Этот выпуск «Искусства кино» собрал лучшие тексты и рецензии с сайта, новые материалы, исследующие тему (не)насилия, а также вербатимы из проекта «Мне тридцать лет» и пьесы молодых авторов.

За вашу и нашу смерть: кино Ленинградского некрореализма

«Папа, умер Дед Мороз», 1991

Сегодня — годовщина августовского путча, отчаянной (хотя и не последней) попытки воскресить советский строй. Эдуард Голубев пишет о ленинградском некрореализме — искусстве последних времен умирающего государства.

Лесные оборотни забивают насмерть моряка в заснеженном лесу. Стая мертвецов уродует случайного прохожего, превращая его в ком парного мяса. Несчастный герой убивает себя на качелях, а за неизлечимо больными из ночи наблюдают окоченевшие духи летчиков-самоубийц. Кажется, что такие сюжеты в советском — чересчур академическом и закрепощенном — кино были невозможны. Но в конце восьмидесятых немногочисленные зрители впервые познакомились с ленинградским некрореализмом. С дешевой любительской пленки на советского человека посмотрела уродливая сатира на его непростую жизнь. Впервые в кино СССР смешались смерть, жестокость, зомби-хоррор и киноавангард.

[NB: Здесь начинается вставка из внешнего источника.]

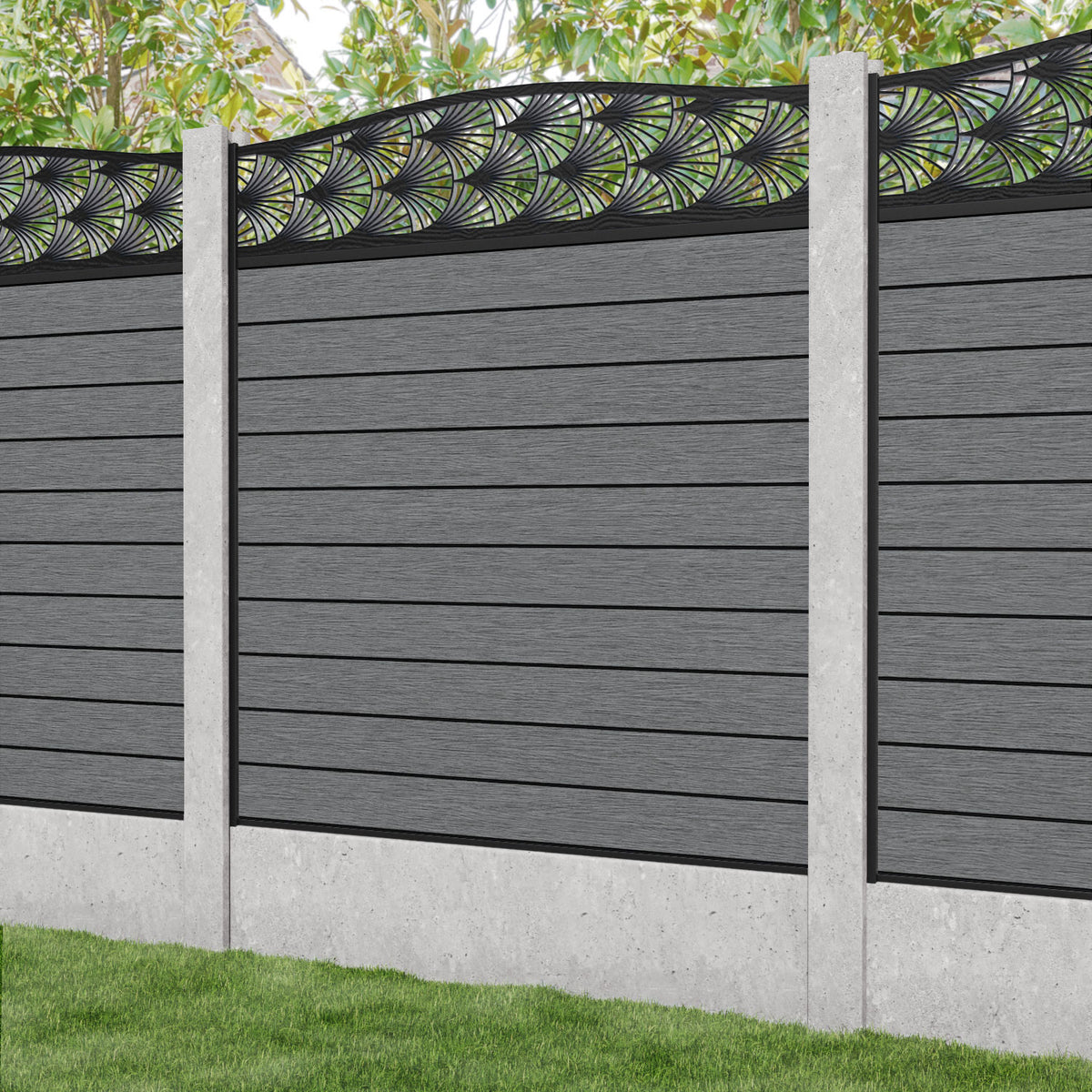 Fusion Laurel Curved Top Fence Panel Mid Grey - for existing concrete posts
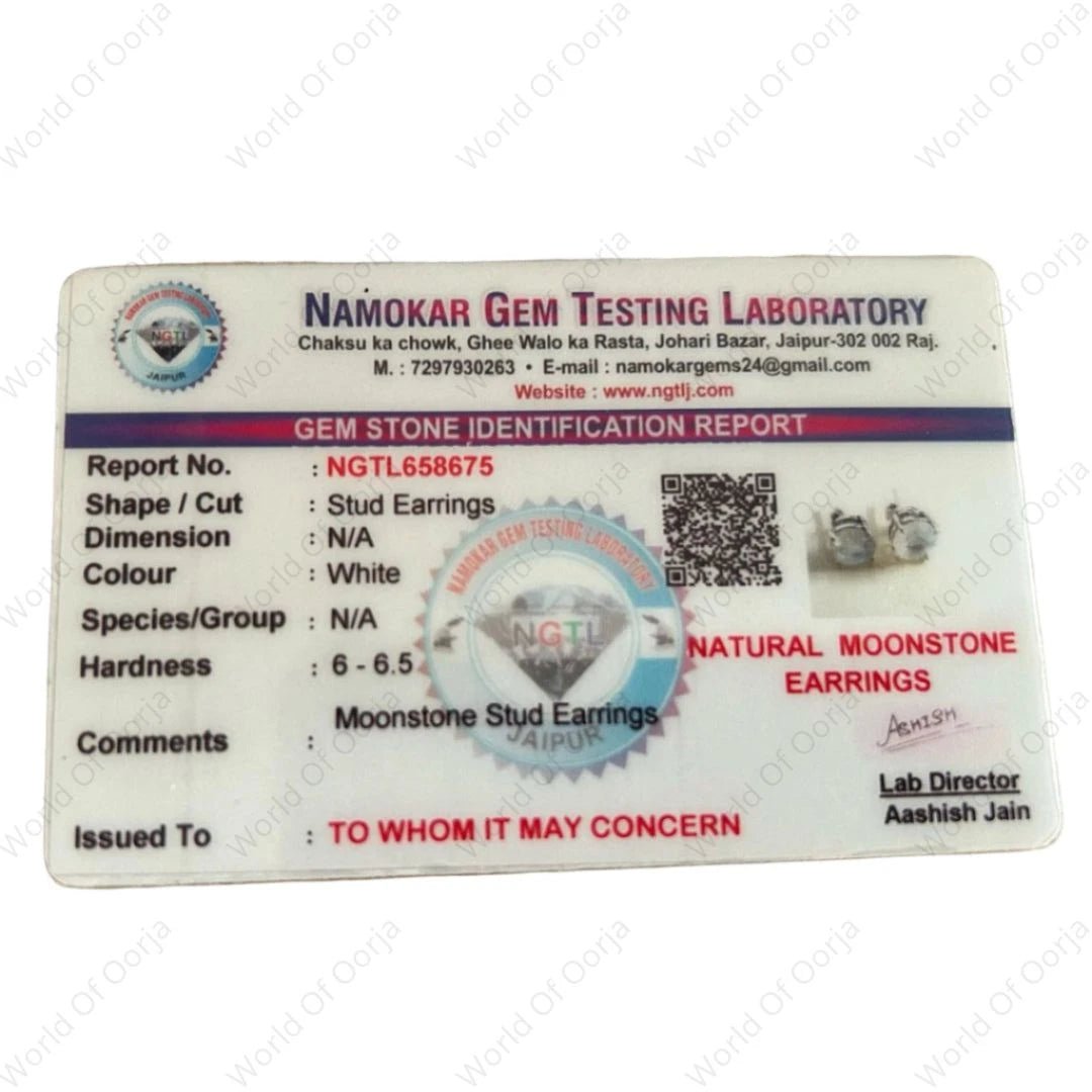 Note: The Rainbow Moonstone stud earrings are natural and handcrafted, so minor imperfections may appear. Each stone’s unique flashes of color, cracks, and lines are a testament to its authenticity and charm.
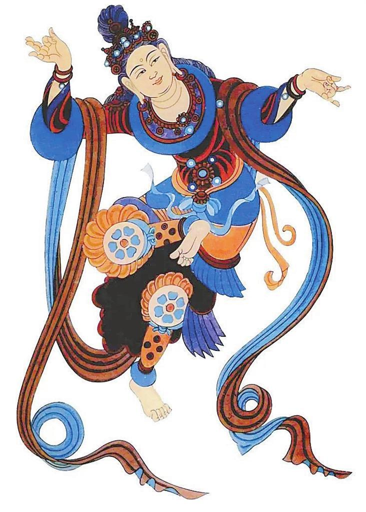 敦煌莫高窟,窟窟有壁畫(huà),拼接起來(lái)長(zhǎng)達(dá)45000多平方米,有世界上“最大畫(huà)廊”之稱(chēng)。這些壁畫(huà)中,幾乎每幅都有舞蹈形象,如在窟頂、龕楣、藻井遨游的飛天,憑欄上的天宮伎樂(lè),經(jīng)變畫(huà)中的娛佛、敬佛的獻(xiàn)舞者——伎樂(lè)天,出行圖中跳著具有濃郁生活氣息的世俗樂(lè)舞,以及富有舞蹈美感的彩塑菩薩、天王力士等,琳瑯滿(mǎn)目,精妙絕倫。這些舞蹈形象充分反映了從十六國(guó)北朝至元代千余年來(lái)不同歷史時(shí)期的舞蹈服飾、形態(tài)、風(fēng)貌,為我們挖掘、整理、弘揚(yáng)中華民族舞蹈文化提供了十分珍貴的形象資料。
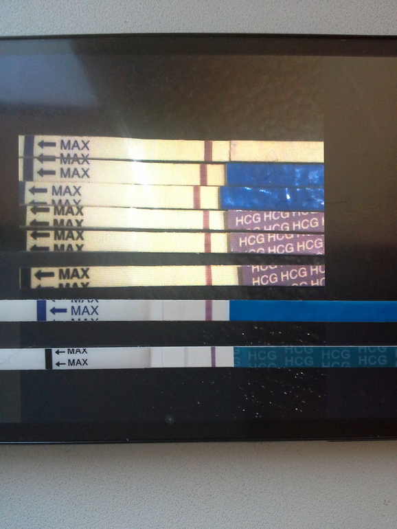 а вот получилось. Помоему первые три теста это 7 дпу, потом 3 дня пустые, а уже на 10 день еле видная полоска.
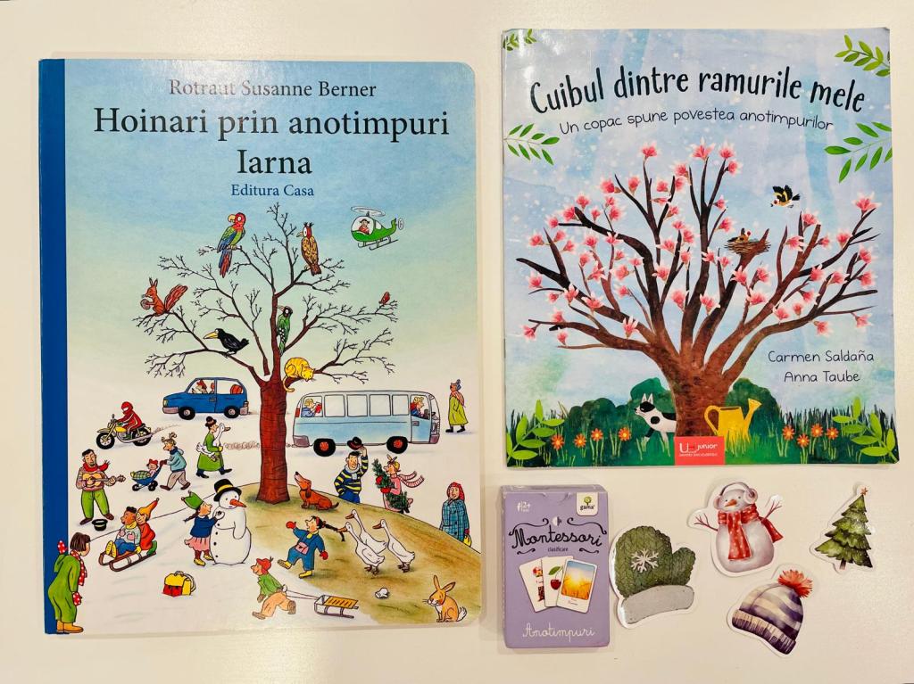 De asemenea explorăm elementele fiecărui anotimp având la îndemână seria de cărți Hoinari prin anotimpuri de la editura Casa, precum și prin povestea Cuibul dintre ramurile mele – Un copac spune povestea anotimpurilor de la editura Univers Enciclopedic.

10 ноября 1982 года, после долгой болезни, ставшей частью скучной обыденности, скончался Генеральный секретарь ЦК КПСС Леонид Ильич Брежнев. Кремлевскому колумбарию передали не только тело вождя-геронта, но и саму веру в бессмертие советского строя. Впервые за долгие годы огромная страна, жившая в застойно-пьяном спокойствии, встретилась лицом к лицу с Танатосом.

Смерть стала идеологическим продолжением быта. Ее транслировали в прямом эфире по Центральному телевидению — за несколько лет страна похоронила трех генсеков, ряд видных министров и последних героев гражданской войны. Она прибывала в цинковых гробах из Афганистана, утаскивала на Ваганьковское кладбище любимых артистов. Казалось, что умирают не люди, а вся советская махина: ее армия, ее заводы и электростанции, театр и кино.

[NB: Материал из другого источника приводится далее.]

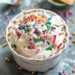 A quick and creamy funfetti Greek yogurt dip packed with protein and colorful sprinkles. Perfect as a sweet snack or party treat served with fruit or crackers.
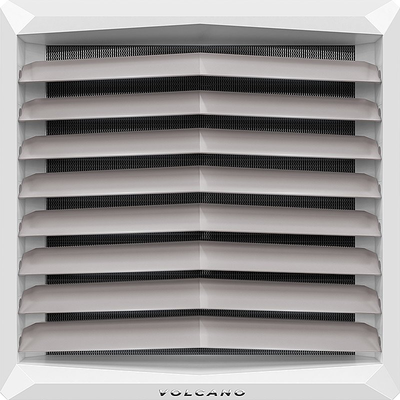 Максимальні параметри теплоносія теплообмінника 130 ℃ і 1,6 МПа. Конструкція: мідний колектор і змійовики з ребрами-ламелями з алюмінію. Патрубки для підключення теплоносія (зовнішня різьба 3/4") знаходяться на задній панелі агрегату. Наш типоряд включається застосування однорядних теплообмінник в VOLCANO VR1 (5-30 кВт), дворядних теплообмінників в VOLCANO VR mini (3-20 кВт) та VOLCANO VR2 (8-50 кВт), трирядних теплообмінників в VOLCANO VR3 (13-75 кВт).
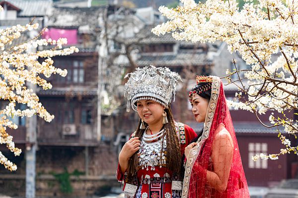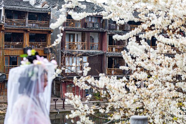 2025年3月2日,湖南湘西州,凤凰古城沱江河畔,游客在赏花游玩。
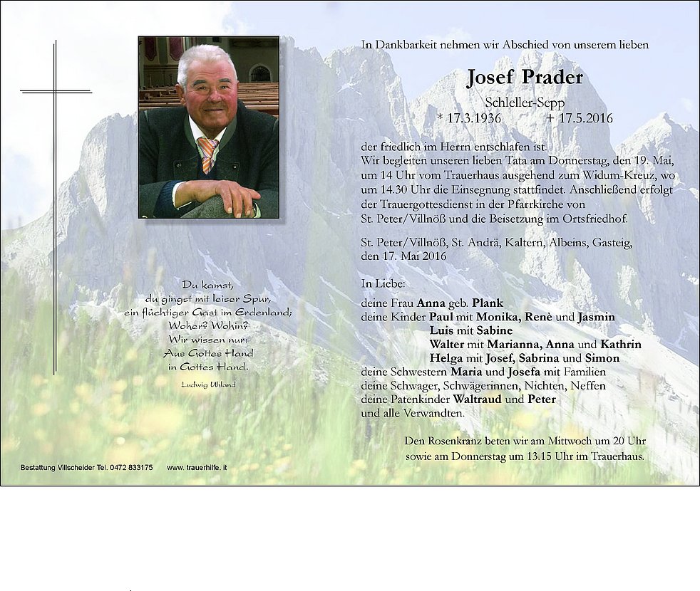 um 14 Uhr vom Trauerhaus ausgehend zum Widum-Kreuz, wo um 14.30 Uhr die Einsegnung stattfindet. Anschließend erfolgt der Trauergottesdienst in der Pfarrkirche von
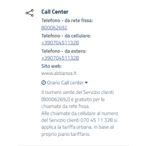 Prenotabile dal sito web di Abbanoa (link) o https://abbanoa.kioskbuk.it/intro.aspx o telefonicamente al numero 070 4511327 (il servizio telefonico di prenotazione appuntamenti è attivo nei giorni feriali dal lunedì al venerdì dalle 8.30 alle 13.00 e dalle 14.30 alle 16.00).
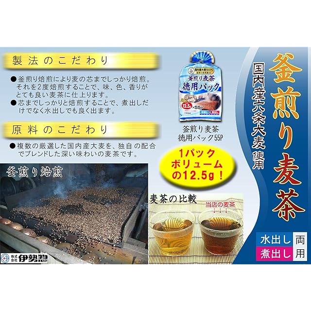 商品名:《新品未開封》伊勢惣 釜煎り麦茶徳用パック55P 12.5g×55P

Официальное советское искусство, сохранившее свои каноны еще со сталинского периода, потеряло былую хватку. Киностудии, от центральных до окраинных, начинают снимать кино, неподконтрольное генеральной линии Минкульта. Выходят совершенно не советские фильмы — «Покаяние» Тенгиза Абуладзе, «Тринадцатый апостол» Сурена Бабаяна, «Мой друг Иван Лапшин» Алексея Германа. На периферии новых свобод советского кино появляется место для регионального арт-хауса. Такие фильмы не участвуют в фестивалях, их не показывают в видеосалонах или кинотеатрах — они становятся частью художественного перформанса для очень узкого круга ценителей. Одним из мест силы такого «кино не для всех» становится Ленинград. В колыбели революции, где советская власть и появилась на свет, в восьмидесятые годы ее хоронят некрореалисты: Евгений Юфит, Юрий Циркуль, Андрей Курмаярцев.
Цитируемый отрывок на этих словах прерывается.